Higher interest rates also pushed up borrowing costs for consumers and businesses, which resonated across the economy, especially in commercial real estate.

A raft of macroeconomic data in the United States suggested cause for celebration: unemployment remained low and GDP grew rapidly this year. In 2020, wage growth far exceeded inflation largely due to pandemic disruptions. This trend reversed this year, with wage growth exceeding inflation for the first time since the post-coronavirus economic recovery began in the second half of 2020.

What explains the disconnect? Persistently high prices? Fear of a recession? The “vibecession”? Whatever the explanation, voters’ feelings about the economy — and President Biden’s handling of it — could potentially be decisive in the 2024 election.

The “Barbenheimer” weekend followed shortly after a strike by tens of thousands of actors. They joined screenwriters on the picket line in July to bring Hollywood to a standstill.

The strikes were part of a wave of labor activity in the United States this year, including targeted strikes by the United Automobile Workers union. Despite the recent upturn, overall union activity has declined since the 1970s and 1980s.

Two wars have underlined the fragility of the global economic recovery and rewired the world’s trade relations.

An example: the geopolitics of oil. Prices rose above $120 a barrel after Russia’s invasion of Ukraine in 2022, then fell steadily after rising US oil production and signs of a global economic slowdown. The war between Israel and Hamas raised new fears that oil prices would rise and reignite inflation. Despite the problems of shipping in the Red Sea and the Suez Canal, these concerns have yet to materialize.

In the war between Russia and Ukraine, India and China have emerged as the main beneficiaries. India, benefiting from its neutrality, went from buying barely any Russian oil to buying about half of what the country exports by sea. Trade between China and Russia has also risen sharply, to more than $200 billion in the first eleven months of this year.

Tensions between the United States and China appear to have stabilized following President Biden’s meeting with President Xi Jinping of China on the sidelines of the Asia-Pacific Economic Cooperation peak in November.

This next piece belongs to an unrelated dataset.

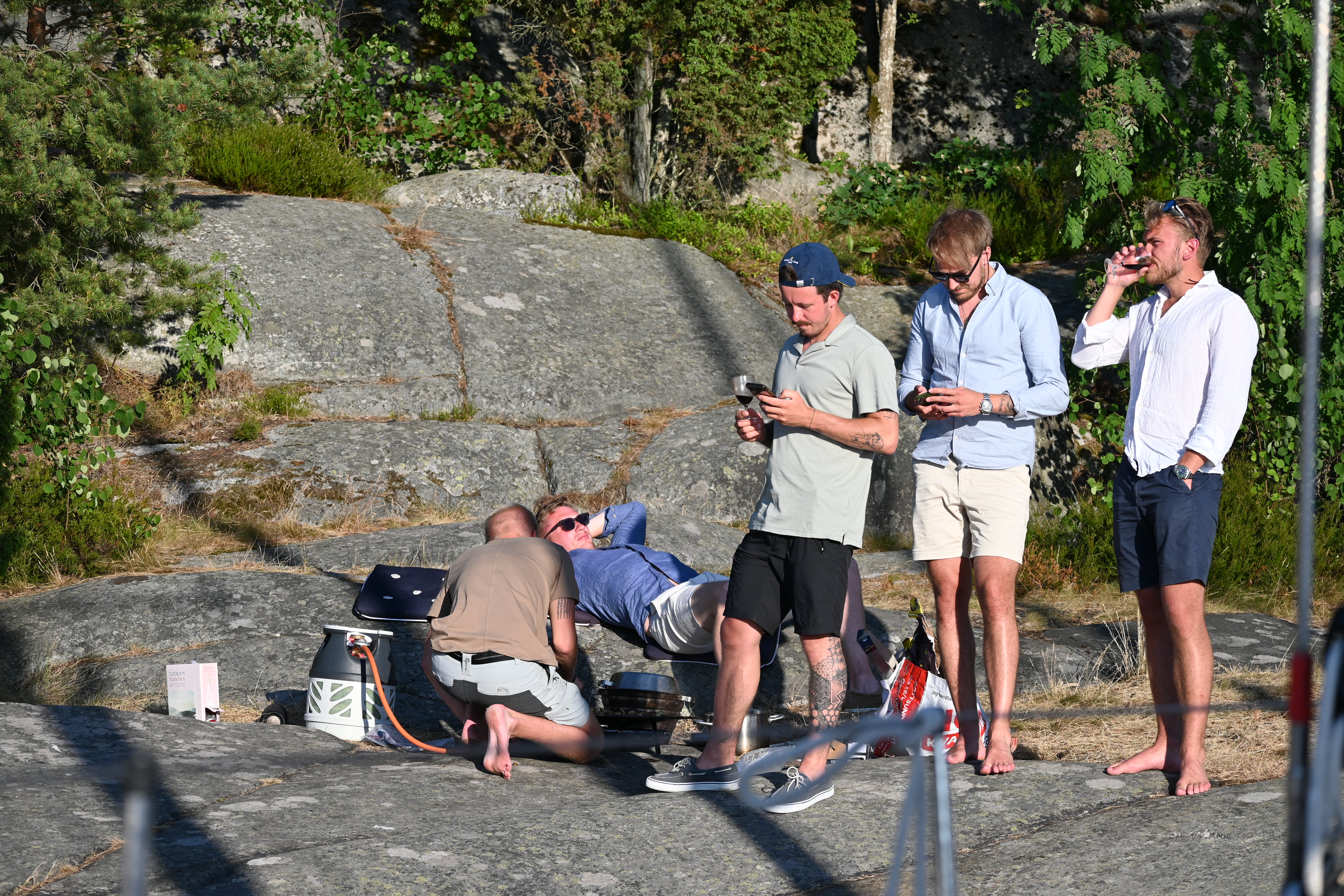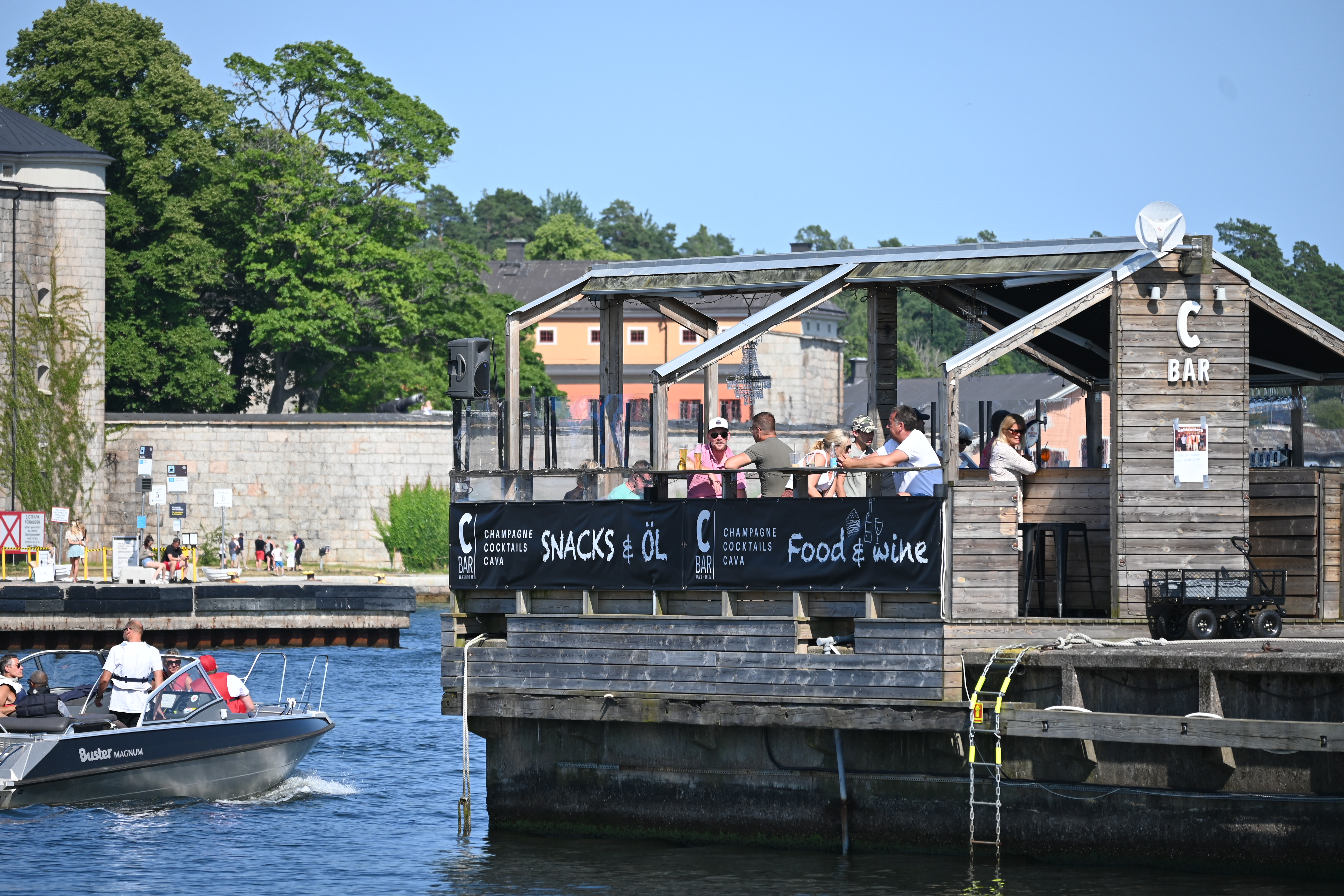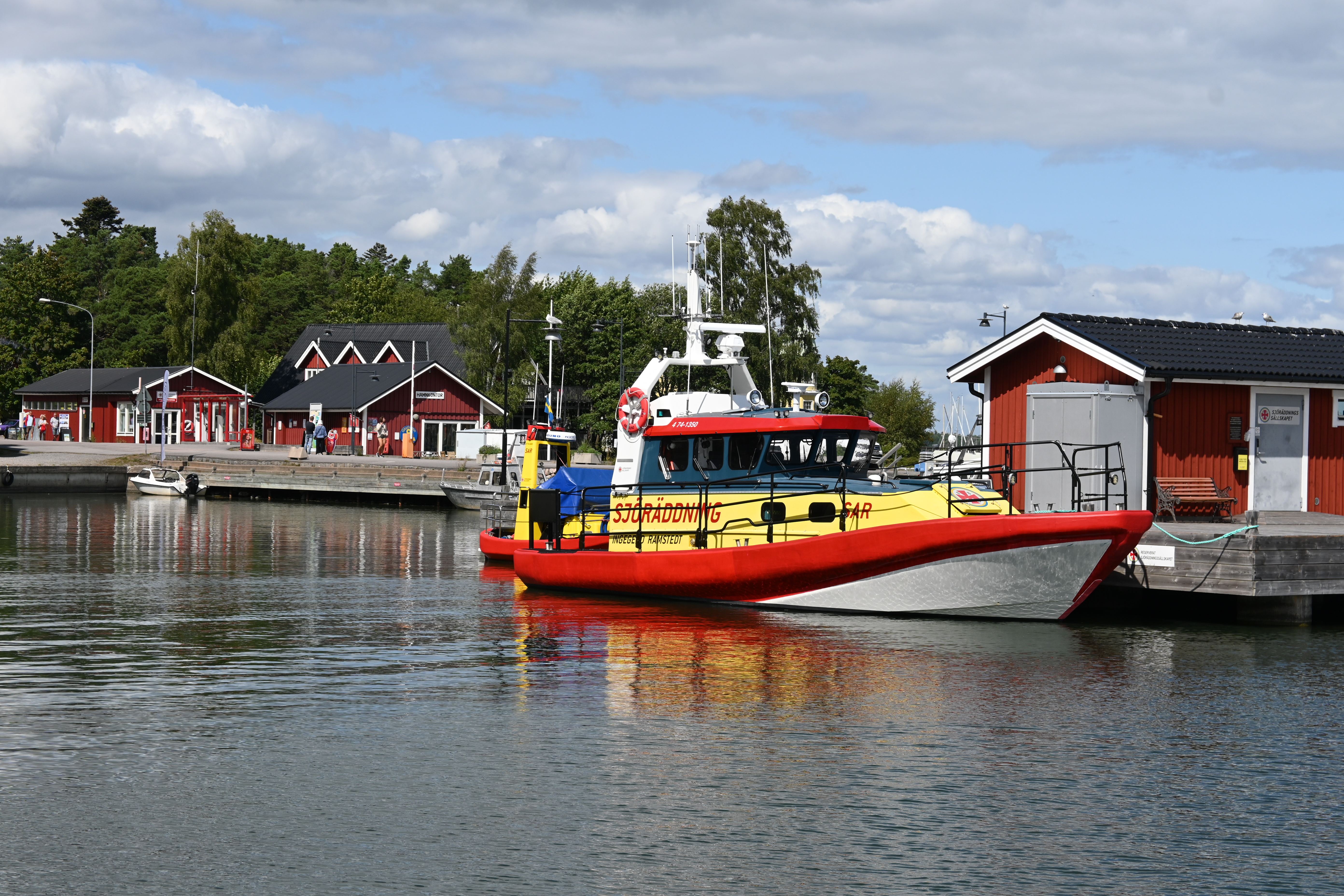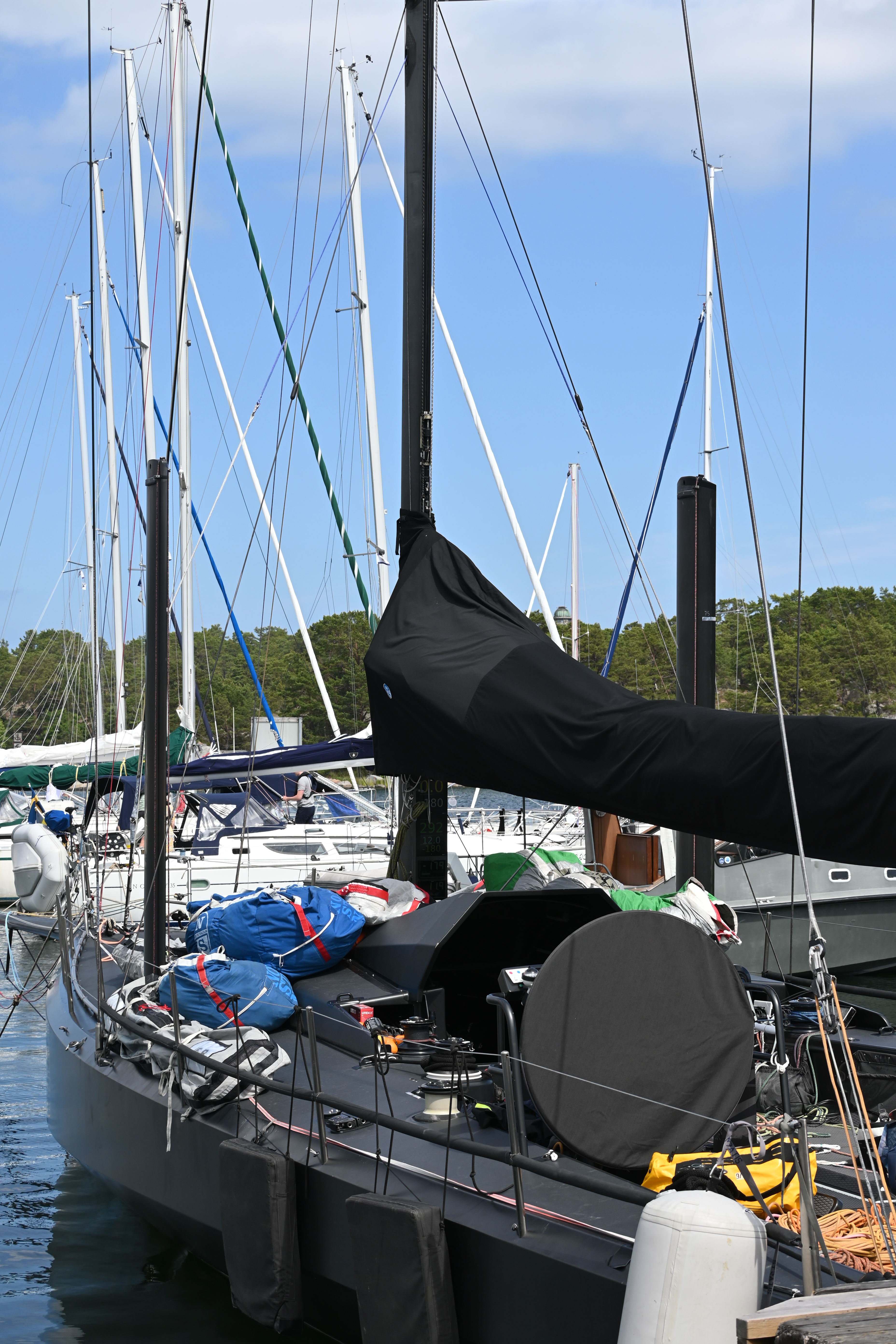 Am ersten Tag kommt die Swedish Coastguard und kontrolliert die ausländischen Schiffe. Erstmalig in unserer Segelzeit werden wir kontrolliert. Sehr freundliche Beamtinnen. Die „Verhandlungen“ übernimmt Ute. Wir haben alle Schiffsdokumente und die Impfpässe immer parat, damit nimmt sie denen gleich den Wind aus den Segeln. Corona ist natürlich der Anlass, aber es geht nicht nur darum. Wir müssen die MMSI (Funkt-Telefonnummer) angeben und sind jetzt als „clean“ gespeichert und können uns drauf bei nächster Kontrolle berufen. Typisch Schweden!

Economic ties remain strong, and new research shows how difficult it is to dissolve them. Tariffs and other trade restrictions imposed by the Trump administration have caused China’s share of exports to the United States to fall in recent years, while countries such as Mexico and Vietnam have gained ground.

But those countries import intermediate goods from China, meaning U.S. supply chains remain dependent on Chinese manufacturing. In fact, China is now the dominant supplier of industrial inputs calculations in a recent article.

Another reason why the United States cannot easily “decouple” from China: semiconductors. China is a key market for these advanced computer chips, which can be used to power artificial intelligence systems. This fall, the Biden administration tightened its export controls on semiconductors, making it harder for U.S. companies to sell them to China. But major chip makers like Nvidia are already working on custom chips to sell to Chinese markets, hoping to get around the restrictions.

This year has seen an explosion of investment in generative AI startups, including Microsoft’s $10 billion backing of OpenAI announced in January. Microsoft’s relationship with OpenAI has since come under scrutiny, particularly its role in reinstating Sam Altman as CEO of OpenAI after a boardroom coup that caused a chaotic five days at the startup. On December 27, The New York Times became the first major U.S. media organization to sue OpenAI and Microsoft over AI-related copyright issues, saying in the lawsuit that the companies should be held responsible for “unlawfully copying and using The Times’ unique publications ”. valuable works.”

Nevertheless, investments in this technology area are increasing explosively.

Microsoft and Nvidia, the chipmaker, are two of the “Magnificent Seven” technology stocks that contributed to this year’s stock market rally.

As the year drew to a close, the S&P 500 continued the bull market rally that surprised many on Wall Street.

How long will it stay that way? That is a question for the next twelve months.